I'd like the entries repeated exactly, pictures omitted.

▸ **Data**
☆ ☆ ☆ ☆

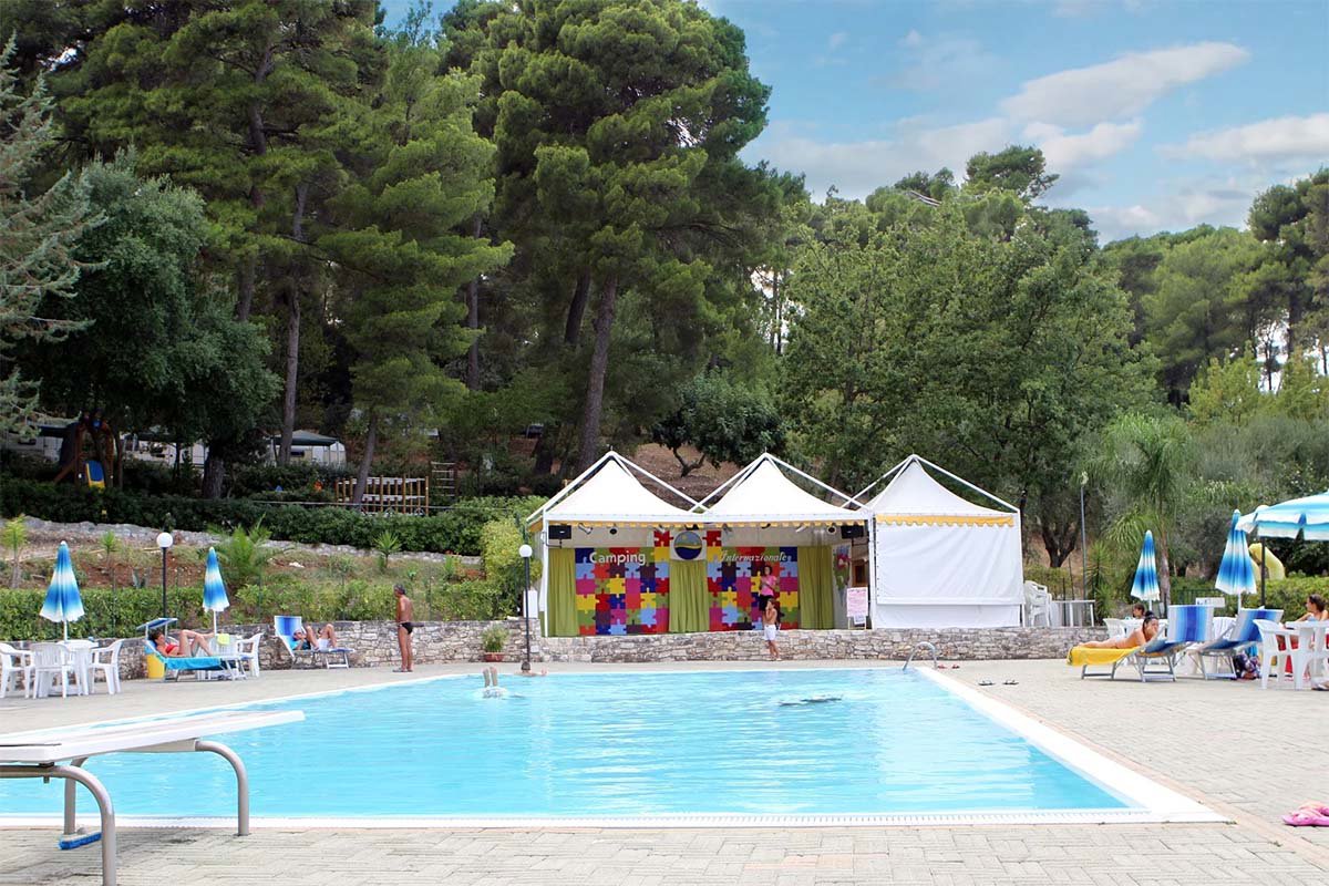 Op de camping kun je ook een frisse duik nemen in het zwembad. Bij het zwembad is ook een gedeelte bestemd voor de jongste bezoekers. Parasols en ligbedden zijn bij het zwembad te huur. Een badmuts dragen is verplicht. Het zwembad is geopend van juni tot half september (afhankelijk van de weersomstandigheden).
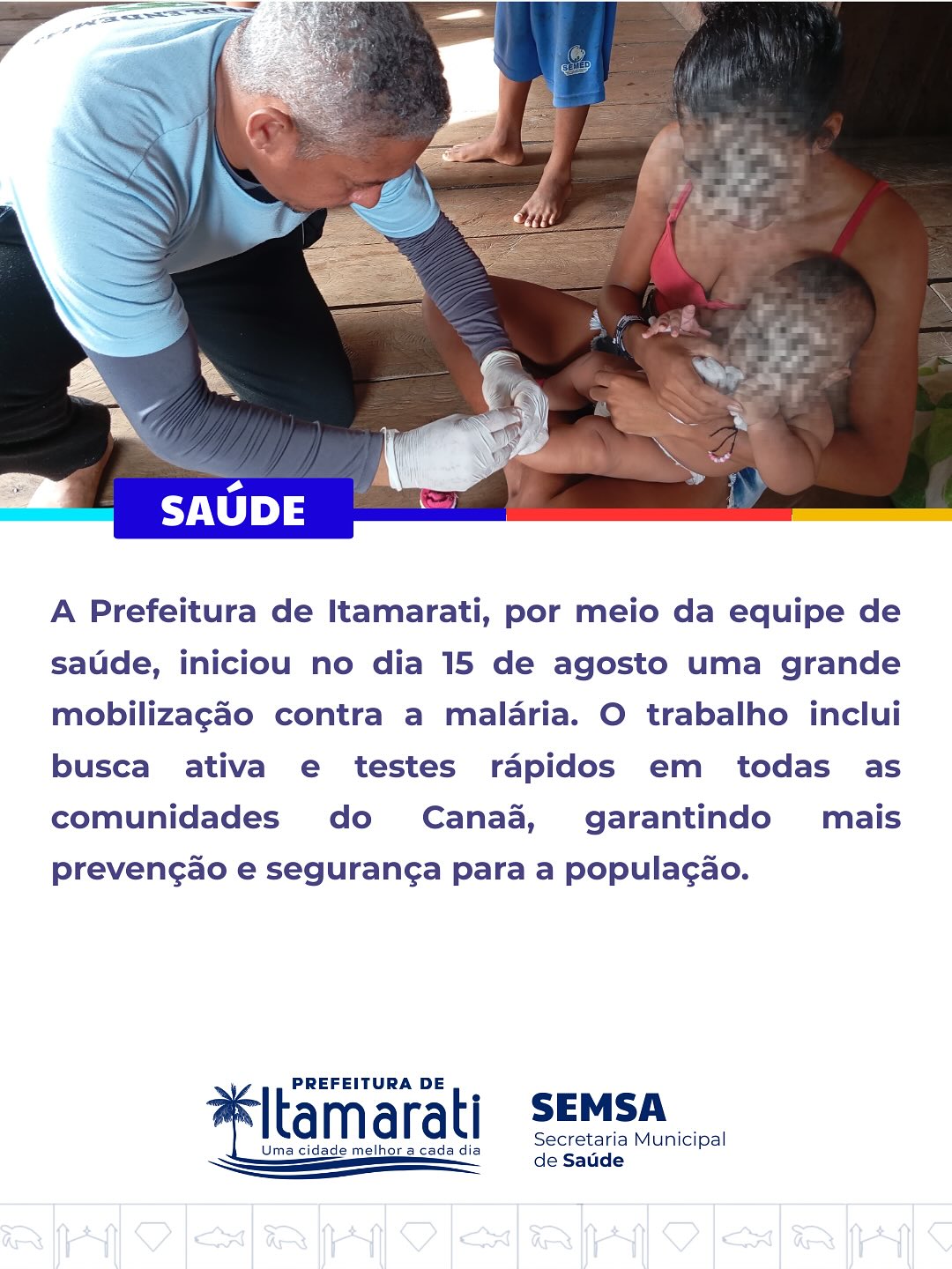 Entre os dias 15 e 18 de agosto, a Prefeitura de Itamarati realizou uma grande mobilização contra a malária no Igarapé Canaã. Foram quatro dias de ação com busca ativa e testes rápidos nas comunidades Boa Vista, Dona Nenê, Santo Antônio e Buriti.![]()
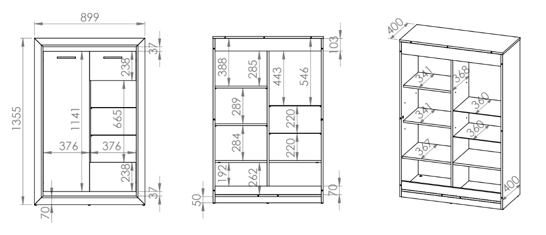 Rozměry: š. 90 cm / v. 136 cm / hl. 43 cm
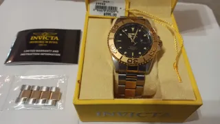 Reloj Invicta Pro Diver con detalles en color oro y plata. Incluye caja original, manual de garantía y eslabones extra. - Bisel giratorio unidireccional. - Resistencia al agua. - Cierre de seguridad.
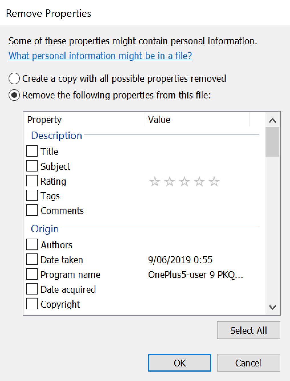 It’s up to you which you choose. If you choose the second option, you can either select types of metadata individually or click Select all. Hit OK to finalise.
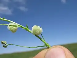 Die Blütezeit reicht von März bis April. Die Blüten sind über achselständigen, kurzen Blütenstandsschäften, in bei einer Größe von 6 bis 9 Millimetern kugeligen und köpfchenförmigen Blütenständen angeordnet, zur Fruchtzeit sind die Fruchtstände blasig auf 8 bis 15 Millimeter vergrößert. Die, kleinen Blüten sind mehr oder weniger sitzend und so gedreht, dass die Fahne nach unten und das Schiffchen nach oben zeigt.
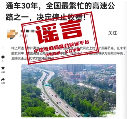 ·有網(wǎng)民稱“京滬高速公路停止收費”,有關(guān)部門辟謠。
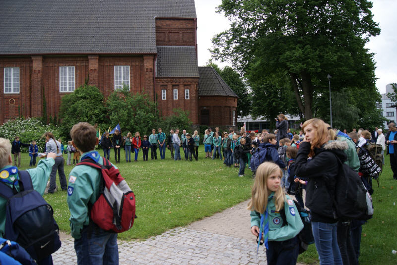 Nach dem Gottesdienst in der Anscharkirche, haben sich die Stämme Bugenhagen, Rickling, Husberg, die Turmfalken und Gadeland auf dem Weg zum Lütjensee gemacht. Dort angekommen wurden die Jurten und Kothen bezogen.

☆ ☆ ☆ ☆

▸ **Task response**
 Op de camping kun je ook een frisse duik nemen in het zwembad. Bij het zwembad is ook een gedeelte bestemd voor de jongste bezoekers. Parasols en ligbedden zijn bij het zwembad te huur. Een badmuts dragen is verplicht. Het zwembad is geopend van juni tot half september (afhankelijk van de weersomstandigheden).
 Entre os dias 15 e 18 de agosto, a Prefeitura de Itamarati realizou uma grande mobilização contra a malária no Igarapé Canaã. Foram quatro dias de ação com busca ativa e testes rápidos nas comunidades Boa Vista, Dona Nenê, Santo Antônio e Buriti.![]()
 Rozměry: š. 90 cm / v. 136 cm / hl. 43 cm
 Reloj Invicta Pro Diver con detalles en color oro y plata. Incluye caja original, manual de garantía y eslabones extra. - Bisel giratorio unidireccional. - Resistencia al agua. - Cierre de seguridad.
 It’s up to you which you choose. If you choose the second option, you can either select types of metadata individually or click Select all. Hit OK to finalise.
 Die Blütezeit reicht von März bis April. Die Blüten sind über achselständigen, kurzen Blütenstandsschäften, in bei einer Größe von 6 bis 9 Millimetern kugeligen und köpfchenförmigen Blütenständen angeordnet, zur Fruchtzeit sind die Fruchtstände blasig auf 8 bis 15 Millimeter vergrößert. Die, kleinen Blüten sind mehr oder weniger sitzend und so gedreht, dass die Fahne nach unten und das Schiffchen nach oben zeigt.
 ·有網(wǎng)民稱“京滬高速公路停止收費”,有關(guān)部門辟謠。
 Nach dem Gottesdienst in der Anscharkirche, haben sich die Stämme Bugenhagen, Rickling, Husberg, die Turmfalken und Gadeland auf dem Weg zum Lütjensee gemacht. Dort angekommen wurden die Jurten und Kothen bezogen.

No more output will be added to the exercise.